FW: [Corpora-List] The genre of the Web

From: Mark Davies (Mark_Davies@byu.edu)
Date: Sun Sep 18 2005 - 22:47:29 MET DST

  • Next message: Alexander Gelbukh: "[Corpora-List] CFP: CICLing-2006 (Computational Linguistics and Intelligent Text Processing), Springer LNCS, February, Mexico"

    As I mentioned in my original post, we all know that there is a bit of every register on the Web -- SPOKEN (transcripts of interviews, etc), FICTION (repositories of literature), lots of NEWSPAPERS, ACADEMIC-oriented materials, etc etc.
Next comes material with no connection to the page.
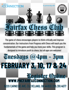 The game of chess encourages players to think critically and improve concentration. Our instructors from Progress with Chess will teach you the fundamentals of the game and help you hone your skills. This program is designed to introduce youth to chess, but all ages are welcome.

So, no question about that of course -- the Web has a bit of everything.
     
    The original question, though, was which genres/registers (of the BNC, for example) would have frequency data that would correspond *most closely* to reliable frequency data from the web -- i.e. for the Web *as a whole*?
     
    In some very, very preliminary work that I've done, it appears that the frequency data from the web is *most* in line with the frequency data from either the newspaper or academic registers of the BNC, rather than spoken or fiction. Again, not to say that there isn't a bit of everything, but it is *most similar* to the registers just mentioned.
     
    Part of the reason that I asked the question in the first place has to do with pedagogical concerns. Suppose that my students obtain frequency data from the web as well as frequency data from a spoken corpus. My guess is that they will find a fair amount of frequency data (lexical, grammatical, etc) in the spoken corpus that are relatively more common than that of the Web, and vice versa. My guess, though (based on very preliminary data) is that there would be less of a mismatch with newspaper or academic-based corpora.
     
    From what I've gathered taking to others over the past year, the issue of what register(s) make up the Web is an ongoing and important question for some researchers. I'd be interested in hearing from those people.
     
    Best,
     
    Mark Davies
     
    =================================================
    Mark Davies
    Assoc. Prof., Linguistics
    Brigham Young University
    (phone) 801-422-9168 / (fax) 801-422-0906
    http://davies-linguistics.byu.edu

    ** Corpus design and use // Linguistic databases **
    ** Historical linguistics // Language variation **
    ** English, Spanish, and Portuguese **
    =================================================
     

    ________________________________

    From: owner-corpora@lists.uib.no on behalf of John F. Sowa
    Sent: Sun 9/18/2005 12:28 PM
    To: Mark P. Line
    Cc: corpora@uib.no
    Subject: Re: [Corpora-List] The genre of the Web

    I agree with Mark Lane on that point:

    > I don't think of the Web as a genre at all.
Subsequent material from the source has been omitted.